> [Problem to solve] Reproduce everything from the line that contains "Здравствуйте. Там не" down to the line that contains "The circumstances and" in the listing below, word for word and nothing more. Leave the pictures out.

● ● ●

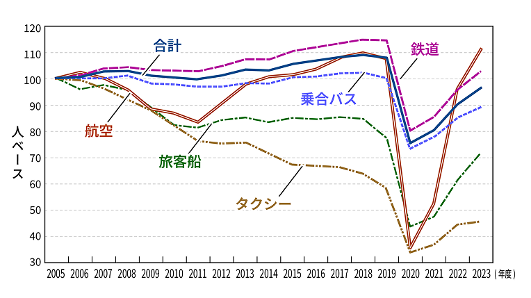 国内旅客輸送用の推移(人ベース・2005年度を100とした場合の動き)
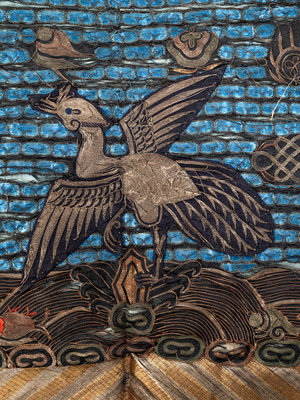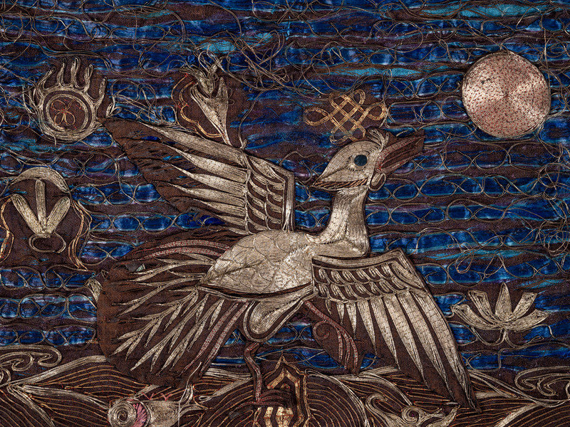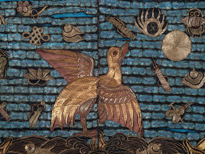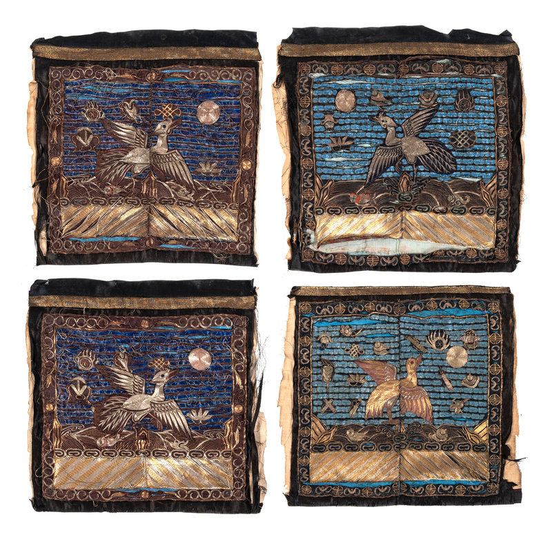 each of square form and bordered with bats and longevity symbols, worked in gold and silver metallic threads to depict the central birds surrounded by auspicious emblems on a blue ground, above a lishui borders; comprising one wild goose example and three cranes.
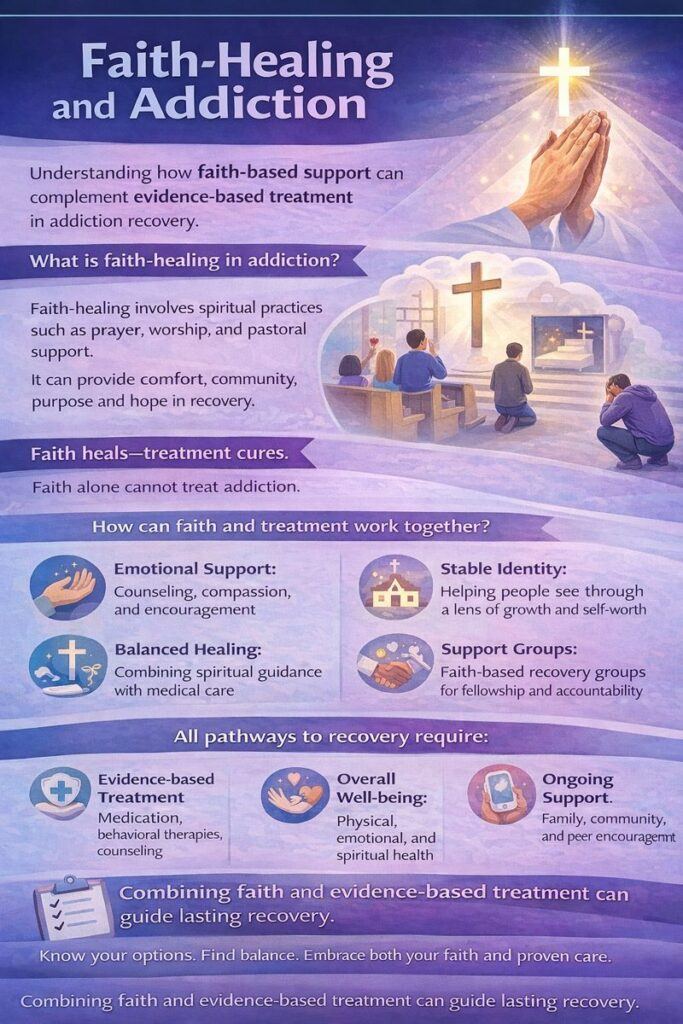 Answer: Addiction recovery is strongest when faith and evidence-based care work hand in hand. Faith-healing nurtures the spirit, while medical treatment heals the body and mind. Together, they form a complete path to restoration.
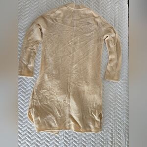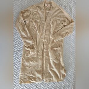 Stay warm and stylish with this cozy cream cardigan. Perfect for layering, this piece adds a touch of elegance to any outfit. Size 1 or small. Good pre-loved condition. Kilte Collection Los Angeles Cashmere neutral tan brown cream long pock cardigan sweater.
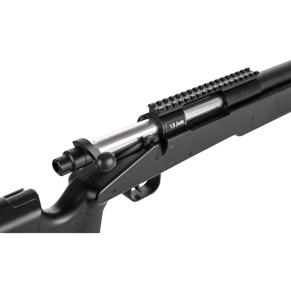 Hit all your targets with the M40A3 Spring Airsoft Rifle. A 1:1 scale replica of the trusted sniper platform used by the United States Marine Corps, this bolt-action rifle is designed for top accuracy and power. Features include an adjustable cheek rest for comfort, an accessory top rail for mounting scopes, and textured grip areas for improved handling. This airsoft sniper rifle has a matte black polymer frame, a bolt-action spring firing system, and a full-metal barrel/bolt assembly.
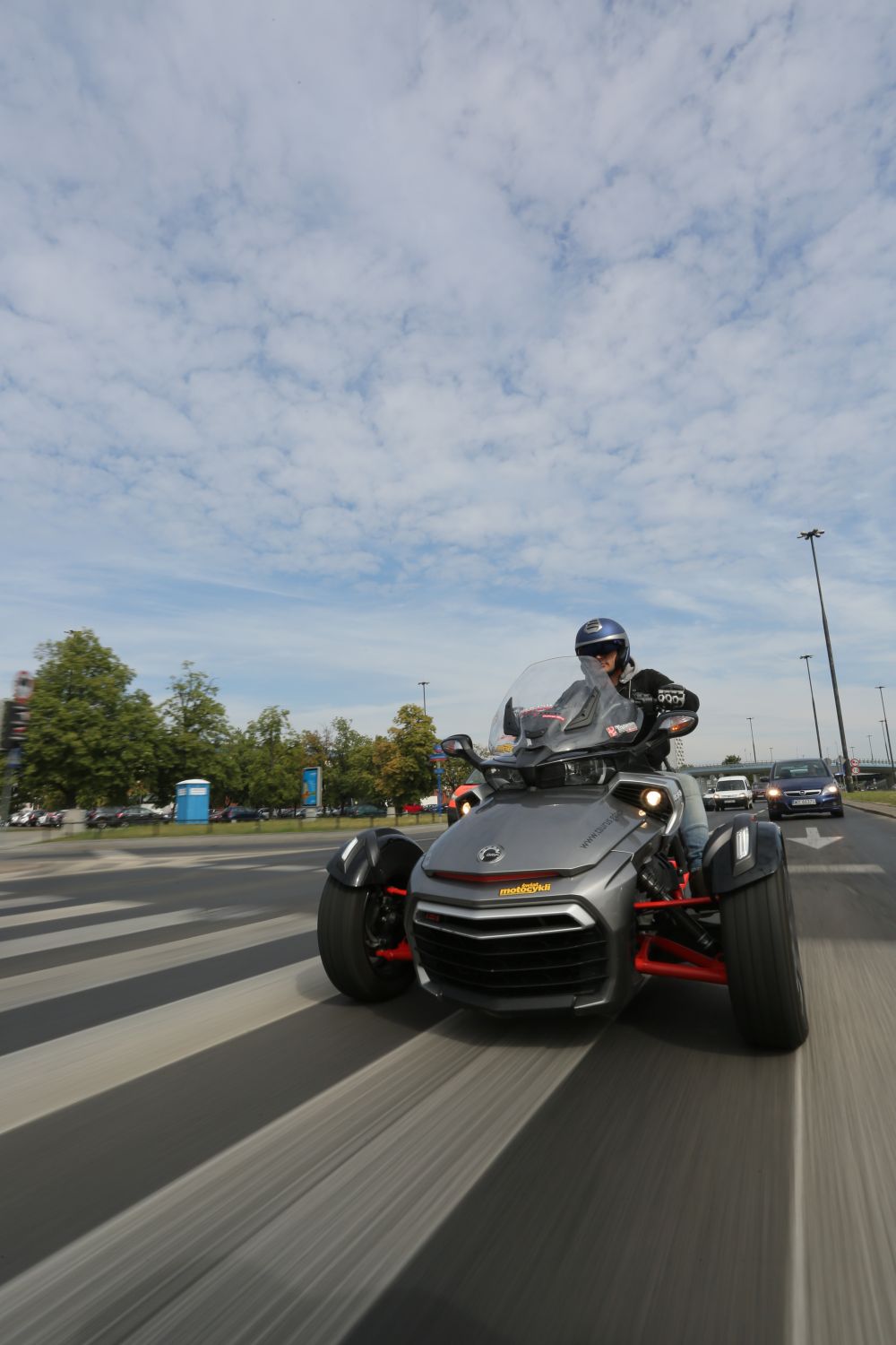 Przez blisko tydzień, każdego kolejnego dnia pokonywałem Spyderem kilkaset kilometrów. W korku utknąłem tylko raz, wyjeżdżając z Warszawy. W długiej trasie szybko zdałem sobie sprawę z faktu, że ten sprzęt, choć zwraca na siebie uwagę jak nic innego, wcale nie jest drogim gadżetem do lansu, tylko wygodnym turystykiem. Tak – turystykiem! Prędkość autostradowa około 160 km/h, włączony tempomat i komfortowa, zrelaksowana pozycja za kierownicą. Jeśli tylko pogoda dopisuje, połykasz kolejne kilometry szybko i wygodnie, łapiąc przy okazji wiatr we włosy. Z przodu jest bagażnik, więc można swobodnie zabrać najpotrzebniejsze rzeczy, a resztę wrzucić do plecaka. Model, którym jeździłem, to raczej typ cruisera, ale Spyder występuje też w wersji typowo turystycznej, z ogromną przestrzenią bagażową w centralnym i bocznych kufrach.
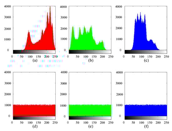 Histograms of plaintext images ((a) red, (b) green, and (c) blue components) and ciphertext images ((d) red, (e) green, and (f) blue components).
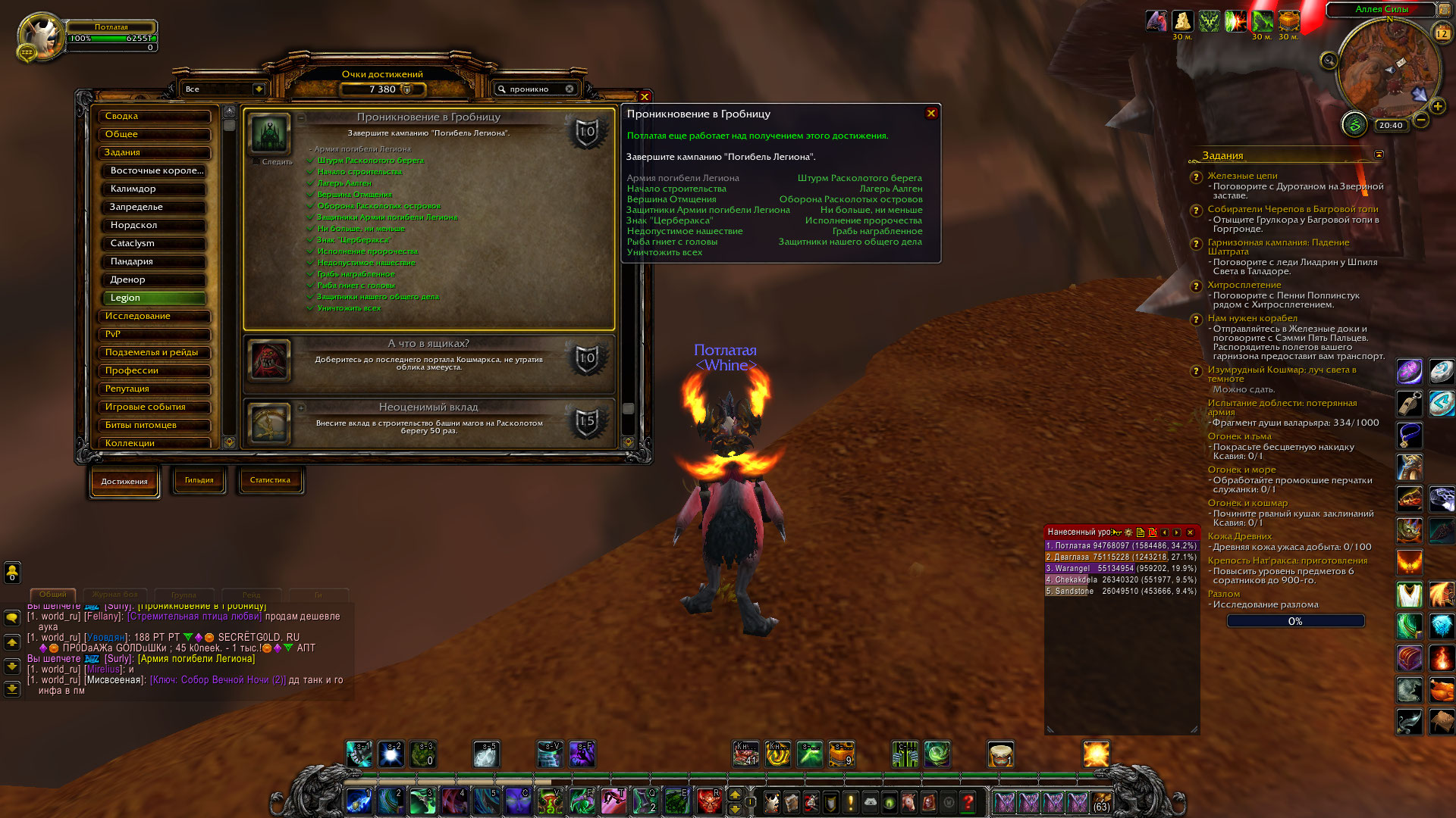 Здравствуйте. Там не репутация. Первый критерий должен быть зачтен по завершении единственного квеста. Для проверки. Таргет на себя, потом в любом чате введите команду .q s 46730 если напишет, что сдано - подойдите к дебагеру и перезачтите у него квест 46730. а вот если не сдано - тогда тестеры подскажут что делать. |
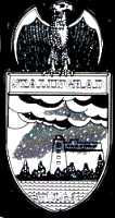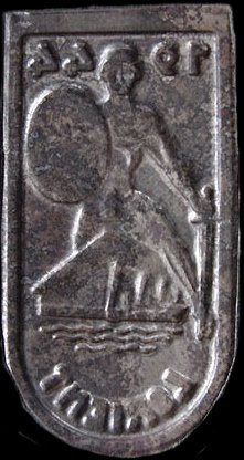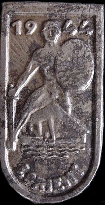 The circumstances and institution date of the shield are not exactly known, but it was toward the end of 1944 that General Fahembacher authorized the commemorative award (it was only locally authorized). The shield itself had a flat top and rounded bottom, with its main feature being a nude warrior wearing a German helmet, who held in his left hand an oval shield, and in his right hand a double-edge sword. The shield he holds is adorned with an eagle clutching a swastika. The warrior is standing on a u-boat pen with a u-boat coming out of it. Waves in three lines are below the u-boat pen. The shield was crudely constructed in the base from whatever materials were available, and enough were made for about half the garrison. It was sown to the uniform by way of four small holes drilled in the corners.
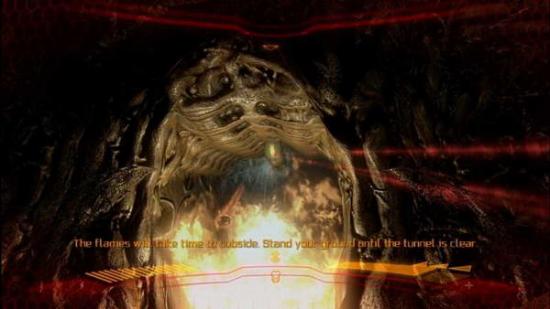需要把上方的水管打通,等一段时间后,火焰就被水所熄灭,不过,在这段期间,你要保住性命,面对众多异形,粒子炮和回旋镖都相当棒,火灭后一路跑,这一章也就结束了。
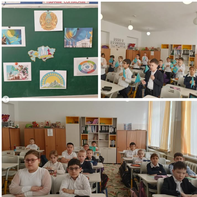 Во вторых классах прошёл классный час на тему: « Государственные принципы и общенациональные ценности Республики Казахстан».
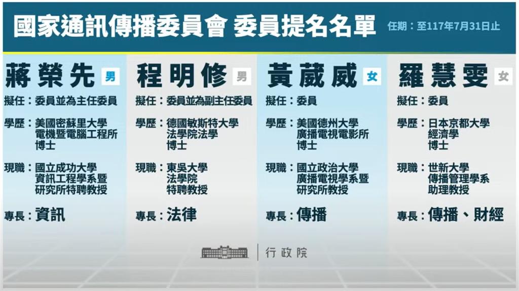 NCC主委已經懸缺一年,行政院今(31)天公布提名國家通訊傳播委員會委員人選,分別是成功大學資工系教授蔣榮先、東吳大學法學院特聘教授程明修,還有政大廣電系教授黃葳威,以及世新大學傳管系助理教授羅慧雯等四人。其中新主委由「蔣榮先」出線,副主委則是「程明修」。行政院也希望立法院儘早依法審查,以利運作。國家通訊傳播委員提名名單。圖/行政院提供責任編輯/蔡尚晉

● ● ●

> [Result of the task]
 Здравствуйте. Там не репутация. Первый критерий должен быть зачтен по завершении единственного квеста. Для проверки. Таргет на себя, потом в любом чате введите команду .q s 46730 если напишет, что сдано - подойдите к дебагеру и перезачтите у него квест 46730. а вот если не сдано - тогда тестеры подскажут что делать. |
 The circumstances and institution date of the shield are not exactly known, but it was toward the end of 1944 that General Fahembacher authorized the commemorative award (it was only locally authorized). The shield itself had a flat top and rounded bottom, with its main feature being a nude warrior wearing a German helmet, who held in his left hand an oval shield, and in his right hand a double-edge sword. The shield he holds is adorned with an eagle clutching a swastika. The warrior is standing on a u-boat pen with a u-boat coming out of it. Waves in three lines are below the u-boat pen. The shield was crudely constructed in the base from whatever materials were available, and enough were made for about half the garrison. It was sown to the uniform by way of four small holes drilled in the corners.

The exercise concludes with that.